AIM OF THE EXERCISE: Leaving out every picture, copy the lines of the data exactly, from the first through the line containing "We are finishing".

DATA:

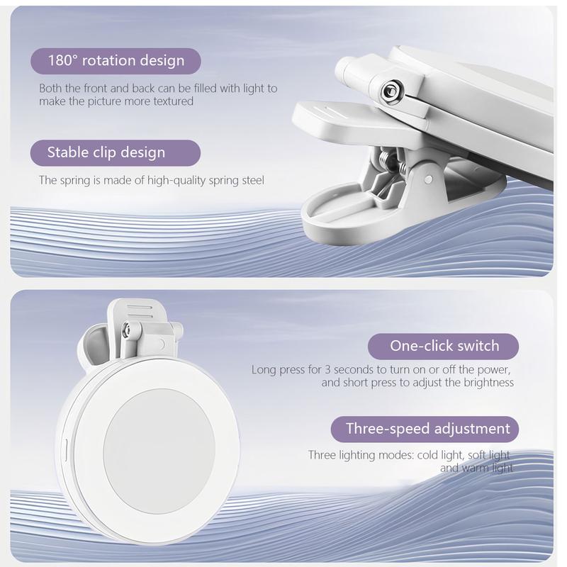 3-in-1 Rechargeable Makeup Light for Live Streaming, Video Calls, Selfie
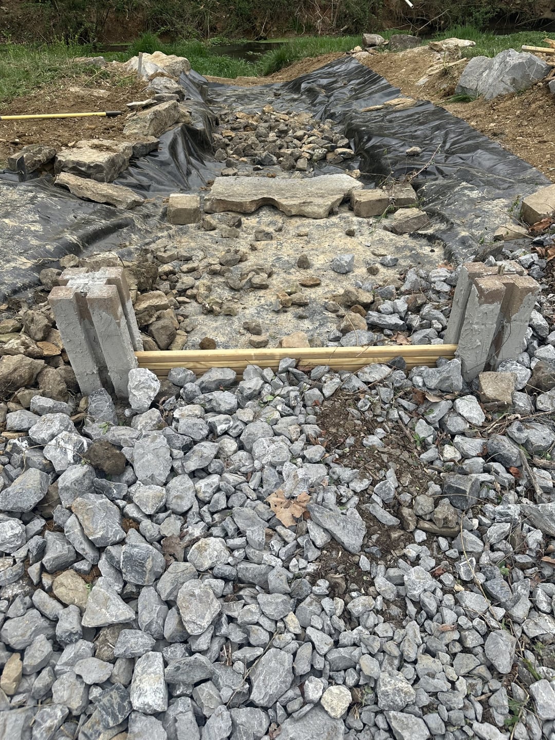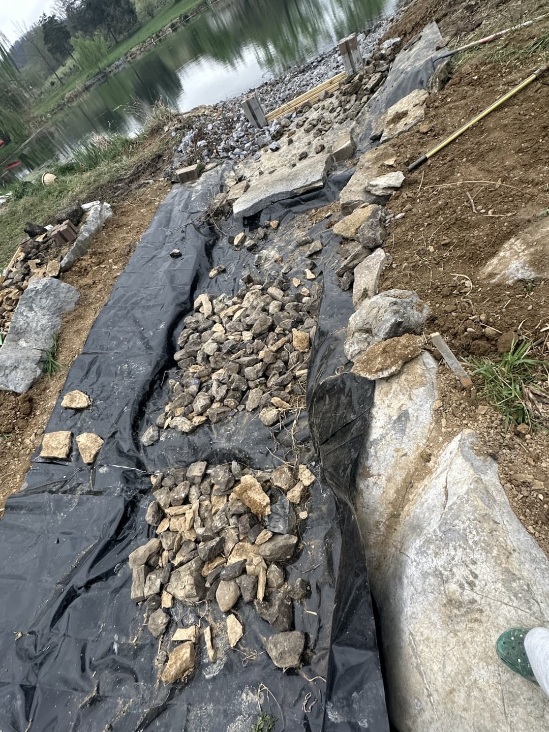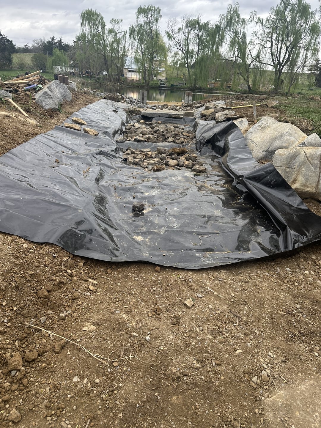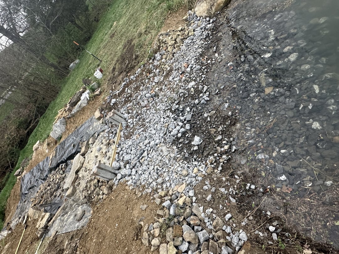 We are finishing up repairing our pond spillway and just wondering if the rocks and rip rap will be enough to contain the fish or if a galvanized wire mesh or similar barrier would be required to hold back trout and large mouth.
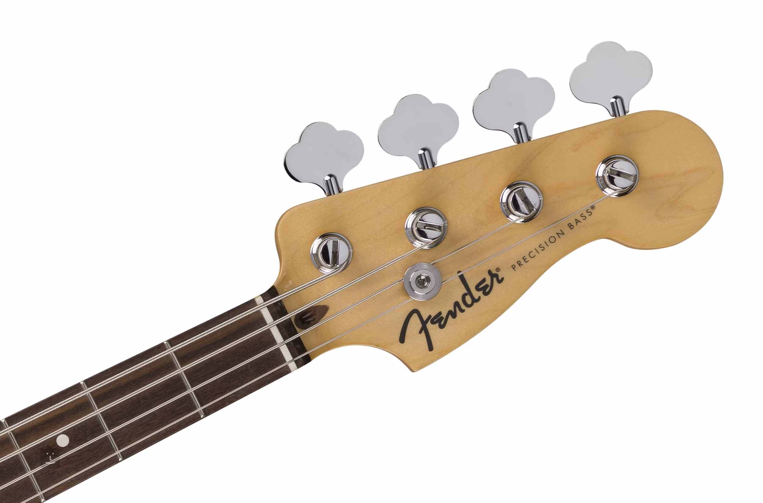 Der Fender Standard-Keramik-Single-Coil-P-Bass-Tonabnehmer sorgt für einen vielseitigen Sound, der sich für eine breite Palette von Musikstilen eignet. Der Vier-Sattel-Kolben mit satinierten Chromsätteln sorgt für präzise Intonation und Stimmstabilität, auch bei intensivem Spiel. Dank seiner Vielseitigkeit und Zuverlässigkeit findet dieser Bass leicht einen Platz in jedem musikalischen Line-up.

TASK SOLUTION:
 3-in-1 Rechargeable Makeup Light for Live Streaming, Video Calls, Selfie
 We are finishing up repairing our pond spillway and just wondering if the rocks and rip rap will be enough to contain the fish or if a galvanized wire mesh or similar barrier would be required to hold back trout and large mouth.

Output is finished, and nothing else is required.